• Work required
Retype word for word the stretch of entries below from the line that has "Bring a touch" through the line that has "Quần jean tencel", and omit the pictures.

• Recorded information
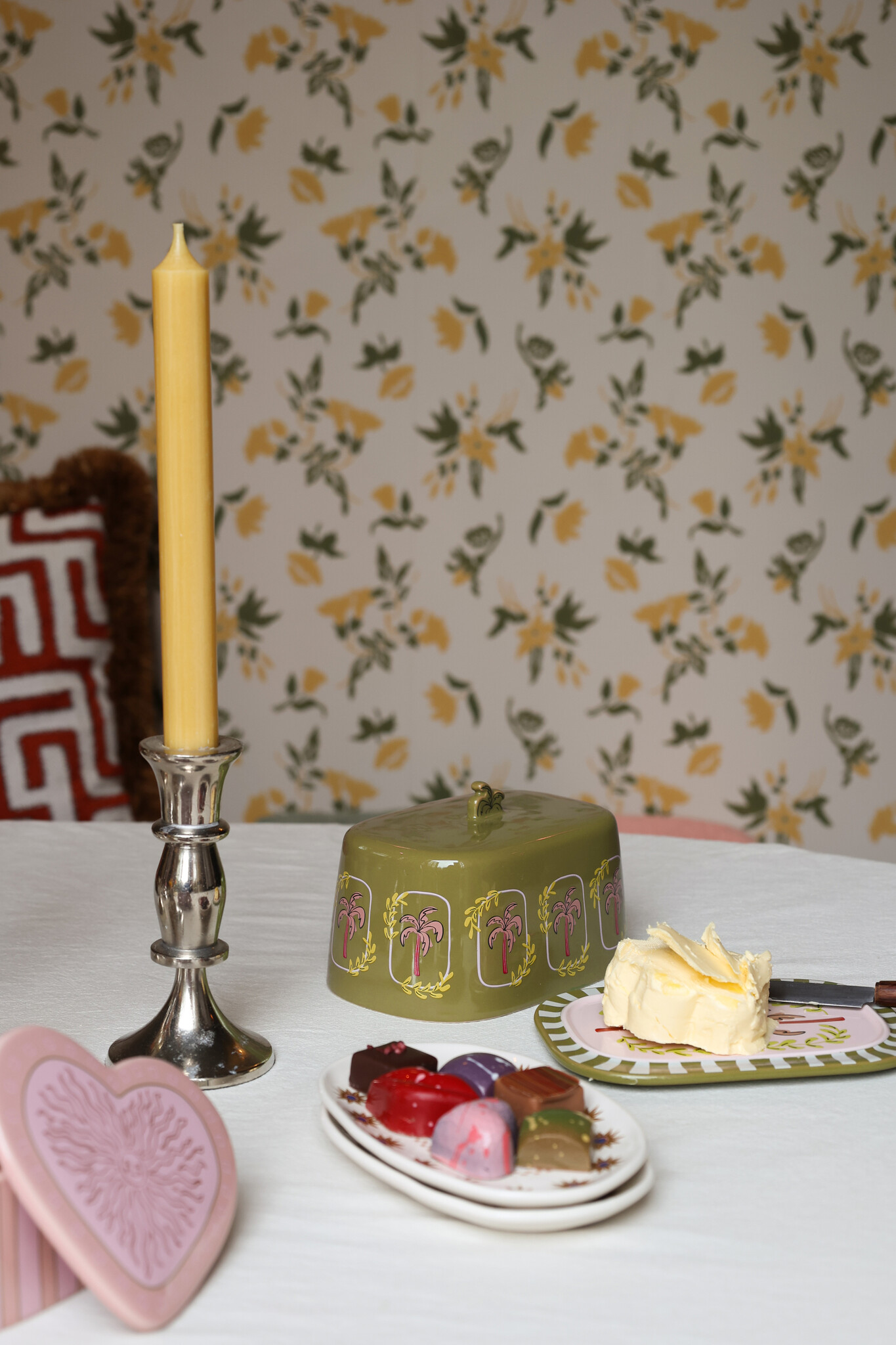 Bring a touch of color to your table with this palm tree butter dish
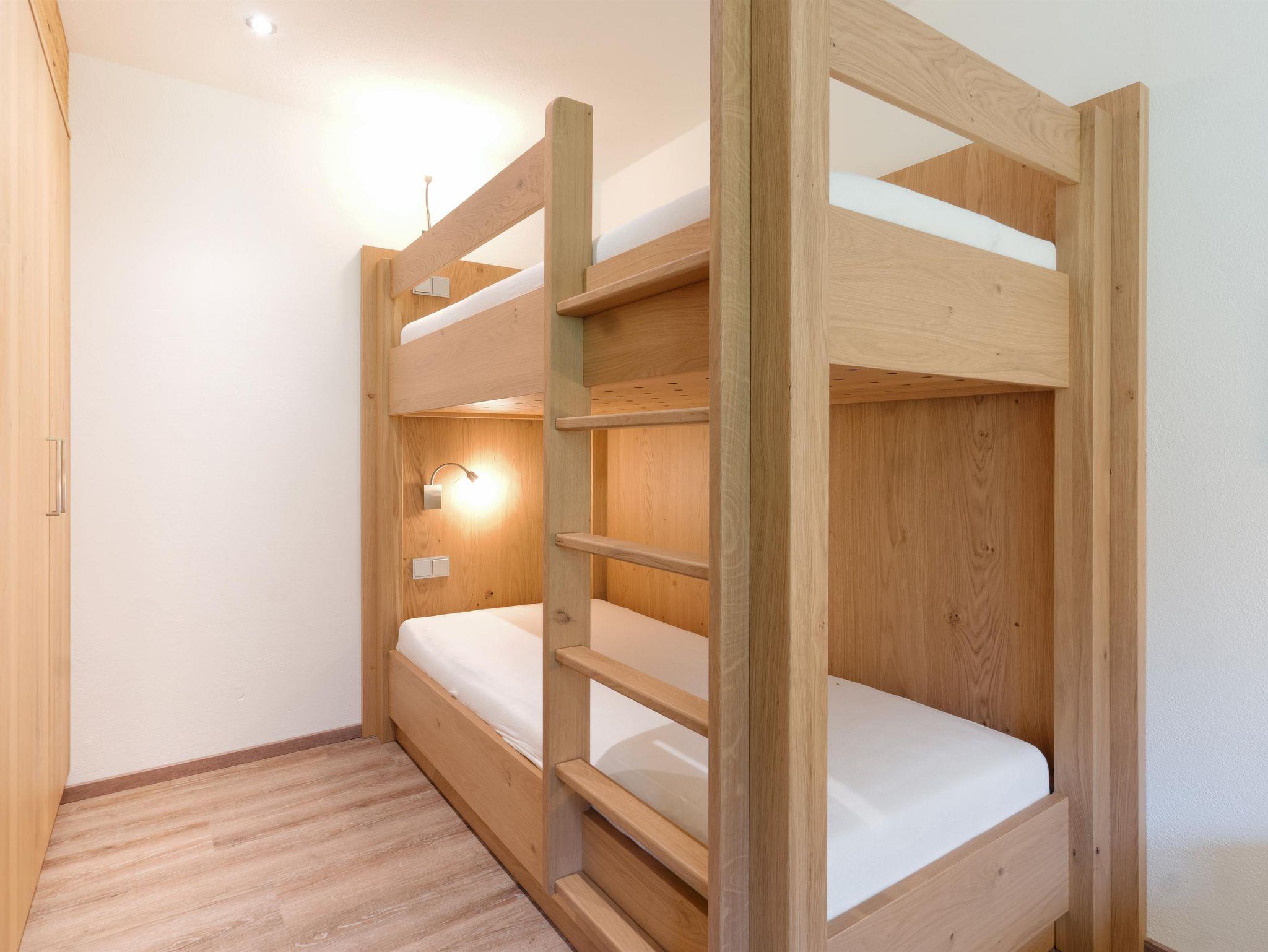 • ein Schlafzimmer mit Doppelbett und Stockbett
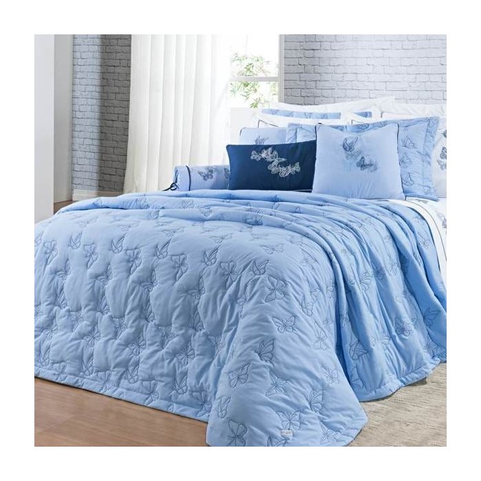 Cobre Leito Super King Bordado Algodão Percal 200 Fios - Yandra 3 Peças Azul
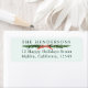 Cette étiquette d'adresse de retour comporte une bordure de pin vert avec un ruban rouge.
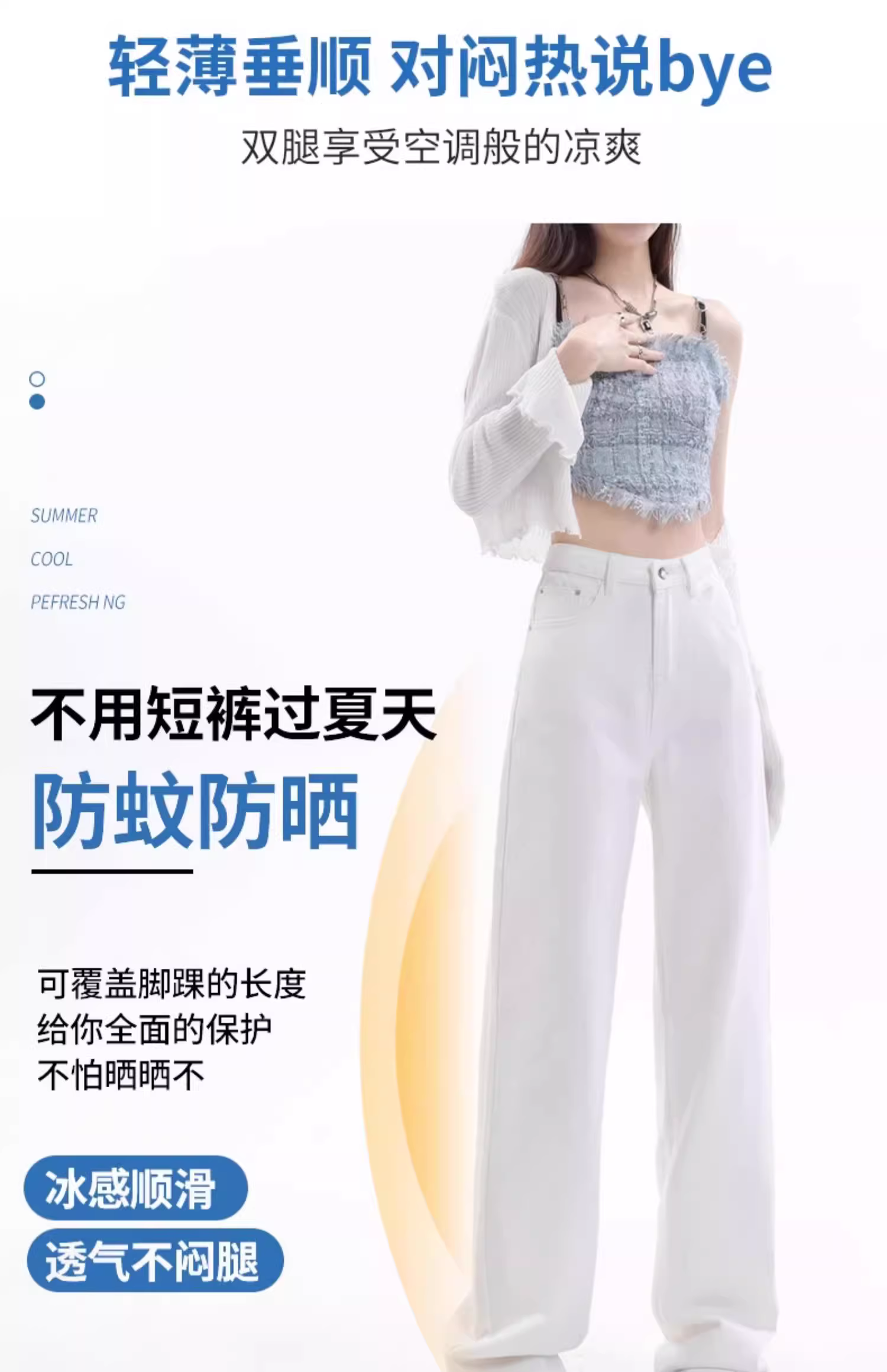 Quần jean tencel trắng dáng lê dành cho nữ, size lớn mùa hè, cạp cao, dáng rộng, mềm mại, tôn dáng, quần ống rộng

...

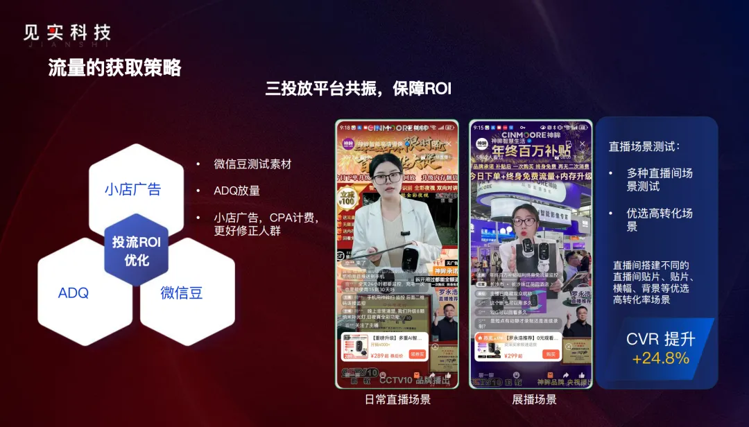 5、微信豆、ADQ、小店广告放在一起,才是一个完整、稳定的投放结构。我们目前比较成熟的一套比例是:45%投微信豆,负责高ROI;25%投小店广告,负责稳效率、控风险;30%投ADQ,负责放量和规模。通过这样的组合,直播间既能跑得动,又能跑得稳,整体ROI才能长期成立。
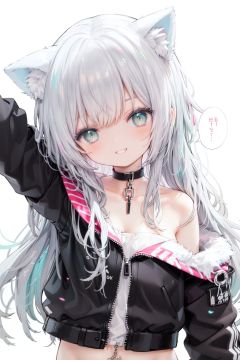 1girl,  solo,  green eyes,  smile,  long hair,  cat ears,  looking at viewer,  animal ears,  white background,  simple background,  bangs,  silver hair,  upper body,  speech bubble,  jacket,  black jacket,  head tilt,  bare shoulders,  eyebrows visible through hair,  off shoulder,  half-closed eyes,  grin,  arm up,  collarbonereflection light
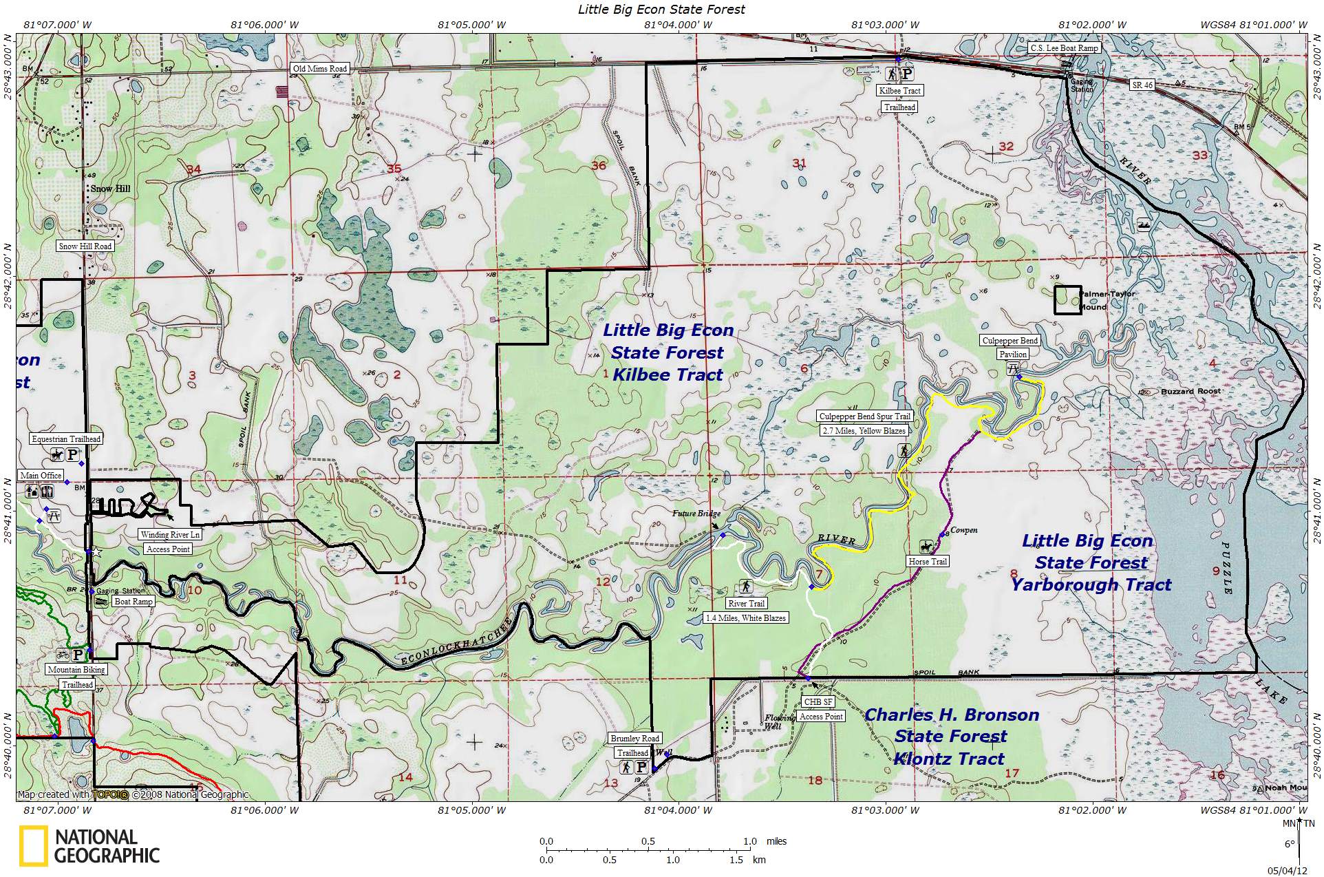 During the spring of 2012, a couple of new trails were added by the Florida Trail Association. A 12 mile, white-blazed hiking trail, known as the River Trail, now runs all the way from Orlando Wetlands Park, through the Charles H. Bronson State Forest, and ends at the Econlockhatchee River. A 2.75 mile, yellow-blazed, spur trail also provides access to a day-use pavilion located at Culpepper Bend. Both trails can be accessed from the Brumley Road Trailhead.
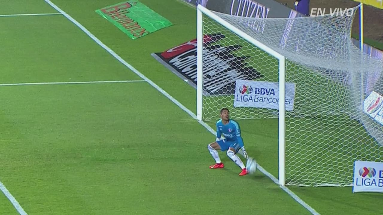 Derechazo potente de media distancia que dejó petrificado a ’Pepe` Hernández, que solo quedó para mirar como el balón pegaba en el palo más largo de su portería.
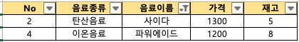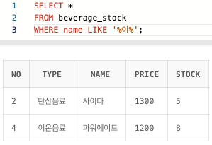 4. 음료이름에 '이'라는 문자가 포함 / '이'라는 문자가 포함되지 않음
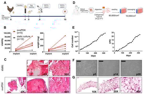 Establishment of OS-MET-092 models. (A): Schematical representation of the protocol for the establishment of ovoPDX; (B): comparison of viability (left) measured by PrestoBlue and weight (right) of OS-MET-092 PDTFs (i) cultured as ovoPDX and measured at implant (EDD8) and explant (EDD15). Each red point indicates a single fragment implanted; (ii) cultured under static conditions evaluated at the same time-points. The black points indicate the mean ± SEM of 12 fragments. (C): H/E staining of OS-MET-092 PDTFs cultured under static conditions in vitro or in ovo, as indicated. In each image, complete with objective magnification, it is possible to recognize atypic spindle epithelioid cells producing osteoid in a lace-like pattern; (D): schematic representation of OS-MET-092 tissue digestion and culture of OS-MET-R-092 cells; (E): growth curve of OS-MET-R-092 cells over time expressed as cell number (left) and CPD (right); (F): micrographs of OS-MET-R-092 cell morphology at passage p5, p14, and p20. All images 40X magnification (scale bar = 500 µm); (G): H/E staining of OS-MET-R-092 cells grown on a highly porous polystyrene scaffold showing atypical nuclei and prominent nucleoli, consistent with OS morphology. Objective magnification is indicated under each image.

• Task answer
 Bring a touch of color to your table with this palm tree butter dish
 • ein Schlafzimmer mit Doppelbett und Stockbett
 Cobre Leito Super King Bordado Algodão Percal 200 Fios - Yandra 3 Peças Azul
 Cette étiquette d'adresse de retour comporte une bordure de pin vert avec un ruban rouge.
 Quần jean tencel trắng dáng lê dành cho nữ, size lớn mùa hè, cạp cao, dáng rộng, mềm mại, tôn dáng, quần ống rộng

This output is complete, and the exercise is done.